- _What to do_: Below are several entries. Transcribe exactly those lines that fall from the one with "Once you have" through the one with "This site directs", end lines included.

- _Input data_:
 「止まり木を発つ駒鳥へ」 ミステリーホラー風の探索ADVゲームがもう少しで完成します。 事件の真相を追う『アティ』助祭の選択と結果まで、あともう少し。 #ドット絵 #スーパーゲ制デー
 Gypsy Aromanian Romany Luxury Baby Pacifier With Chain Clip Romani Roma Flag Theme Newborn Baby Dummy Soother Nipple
...
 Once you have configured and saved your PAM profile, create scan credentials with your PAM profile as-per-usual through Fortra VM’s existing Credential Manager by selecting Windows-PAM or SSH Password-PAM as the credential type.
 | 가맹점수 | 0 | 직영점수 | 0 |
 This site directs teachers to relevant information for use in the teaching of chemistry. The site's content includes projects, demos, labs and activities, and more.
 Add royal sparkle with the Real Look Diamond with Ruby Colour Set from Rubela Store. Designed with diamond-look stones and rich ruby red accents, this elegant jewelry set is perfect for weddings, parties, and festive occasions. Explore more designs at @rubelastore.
--
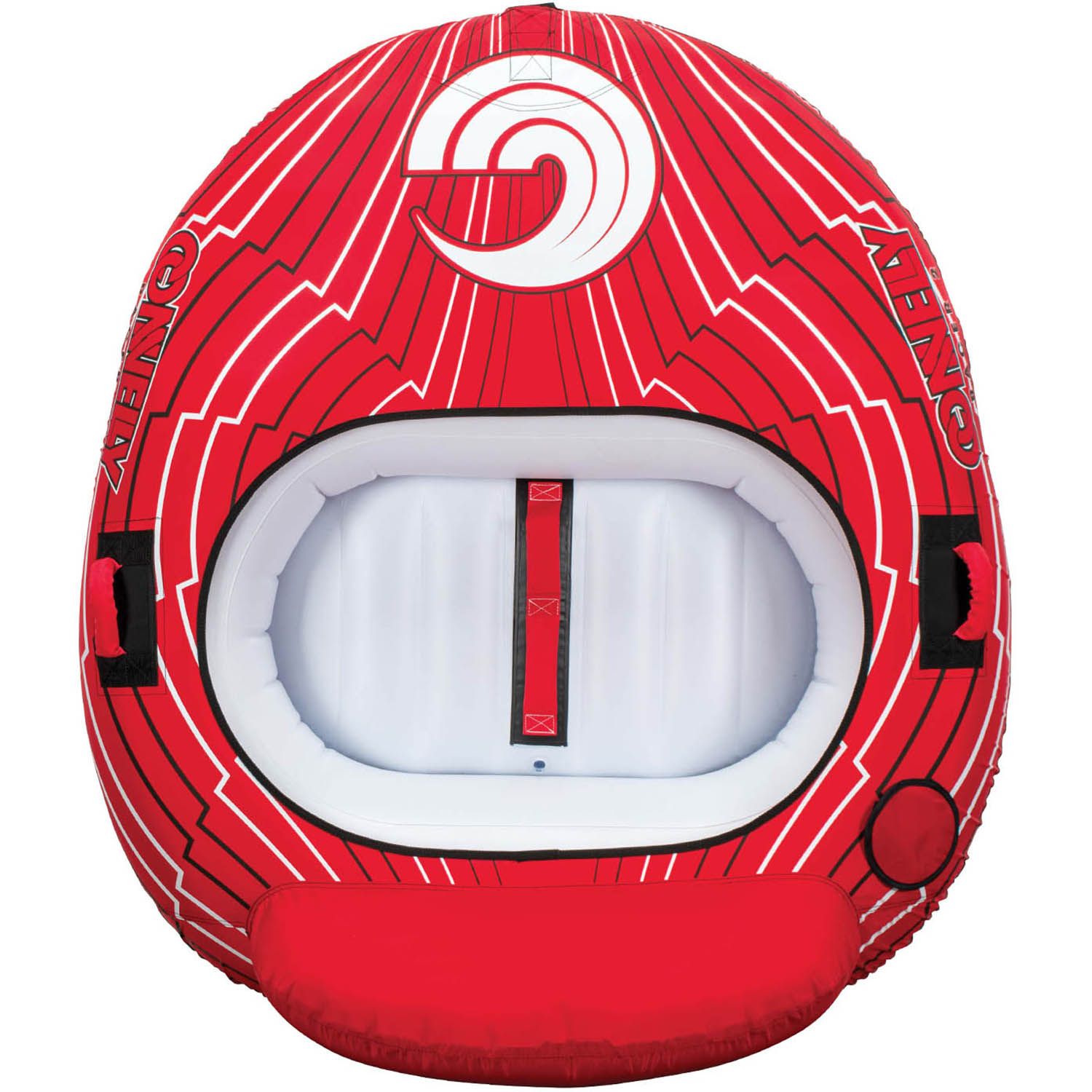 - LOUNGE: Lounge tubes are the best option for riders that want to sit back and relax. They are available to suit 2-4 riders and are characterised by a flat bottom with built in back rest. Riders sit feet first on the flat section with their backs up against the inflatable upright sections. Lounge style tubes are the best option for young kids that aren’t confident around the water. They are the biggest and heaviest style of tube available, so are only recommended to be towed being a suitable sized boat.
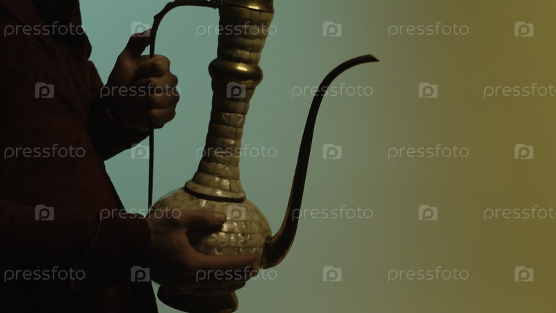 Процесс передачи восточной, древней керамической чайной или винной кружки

- _Result_:
 Once you have configured and saved your PAM profile, create scan credentials with your PAM profile as-per-usual through Fortra VM’s existing Credential Manager by selecting Windows-PAM or SSH Password-PAM as the credential type.
 | 가맹점수 | 0 | 직영점수 | 0 |
 This site directs teachers to relevant information for use in the teaching of chemistry. The site's content includes projects, demos, labs and activities, and more.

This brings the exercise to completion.